Stored records
-- Opening Marker --

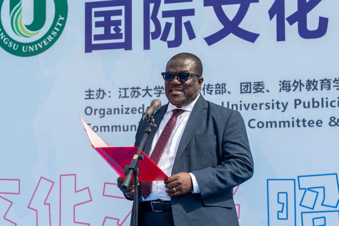 校党委书记李洪波,党委副书记张济建,党委常委、副校长杨道建、任旭东、蔡英凤,摩洛哥驻华大使阿卜杜勒卡德尔·安萨里,加纳驻华使馆临时代办亚历山大·本-阿夸亚,坦桑尼亚驻华使馆公使扎伊纳布·祖贝里·马索罗及其他外交官代表,江苏省教育厅对外合作与交流处四级调研员李勤径,江苏省高教学会外国留学生教育管理研究委员会副理事长兼秘书长张海军,镇江市委宣传部、镇江市外办、镇江市出入境等相关政府部门代表,苏州汇川技术、美兰集团、九体育线上平台(集团)官方网站源等企业代表以及学校相关部门主要负责人等出席开幕式。
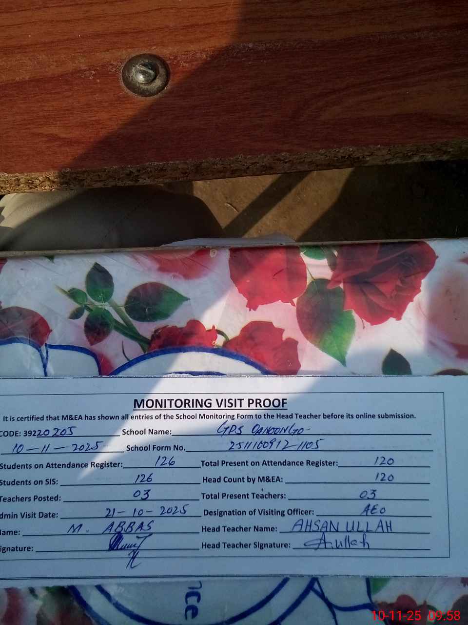 | Attendance Register | Head Teacher | MEA with School | Visit Proof |
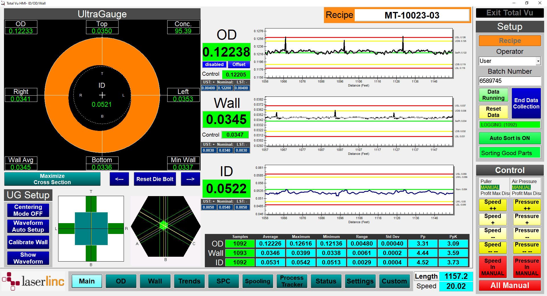 - Process scanning laser micrometer and UltraGauge+™ signals in real-time so you can instantaneously assess product quality and process trends
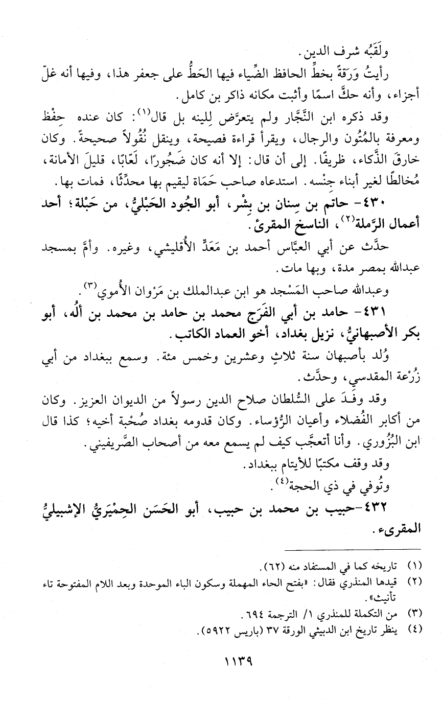 430 - حاتم بْن سِنان بْن بِشْر، أبو الجود الحبلي من حبلة، أحد أعمال الرملة، الناسخ المقرِئ. [المتوفى: 598 هـ]
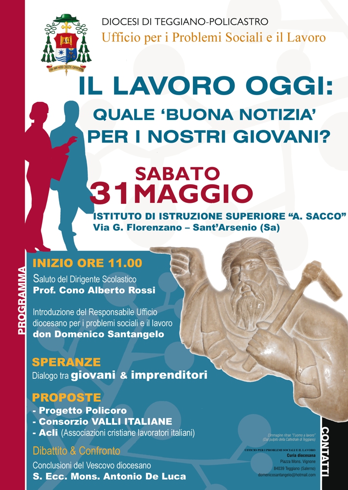 Si terrà domani, sabato 31 maggio, presso l'Istituto di Istruzione Superiore "A. Sacco" di S. Arsenio, alle ore 11:00, l'incontro promosso dall'Ufficio Diocesano di Teggiano Policastro per i Problemi Sociali e il Lavoro sul tema: "Lavoro oggi: Quale 'Buona Notizia' per i giovani?".
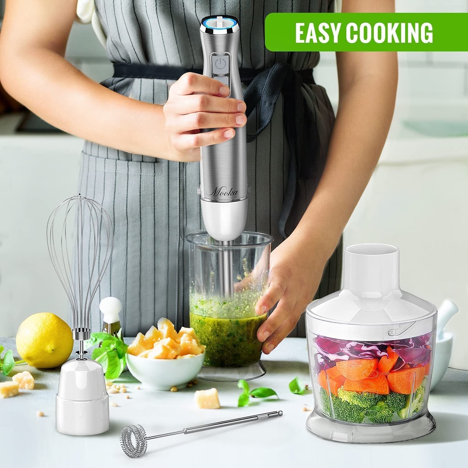 3.5-in-1 Multi-Purpose: Versatile handheld stick blender, 600ml mixing beaker, 500ml food chopper, egg whisk and milk frother meet your various needs for mixing, chopping, egg-beating, puree and preparing baby food. The 360° safety lock and one-click installation make removal and cleaning so easy
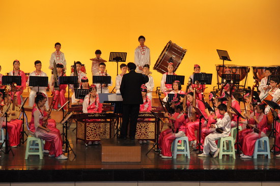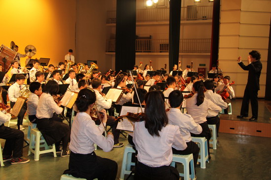 交响乐团的同学们演奏宏大的交响乐曲《伏尔塔瓦河》
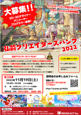 【弘前クリエイターズバンク】は、東京のゲーム会社である株式会社デザインアクト(http://www.designact.co.jp/)が実施する、青森在住クリエイターとともに仕事をするプロジェクト。今年6年目となるこのプロジェクトでは、現在も多くのクリエイターが活躍しています。

-- Closing Marker --

**EXERCISE DESCRIPTION**
Quote the lines above exactly, starting with the one that has "- Process scanning" and ending with the one that has "430 - حاتم بْن"; drop the pictures and include nothing else.

**TASK OUTPUT**
 - Process scanning laser micrometer and UltraGauge+™ signals in real-time so you can instantaneously assess product quality and process trends
 430 - حاتم بْن سِنان بْن بِشْر، أبو الجود الحبلي من حبلة، أحد أعمال الرملة، الناسخ المقرِئ. [المتوفى: 598 هـ]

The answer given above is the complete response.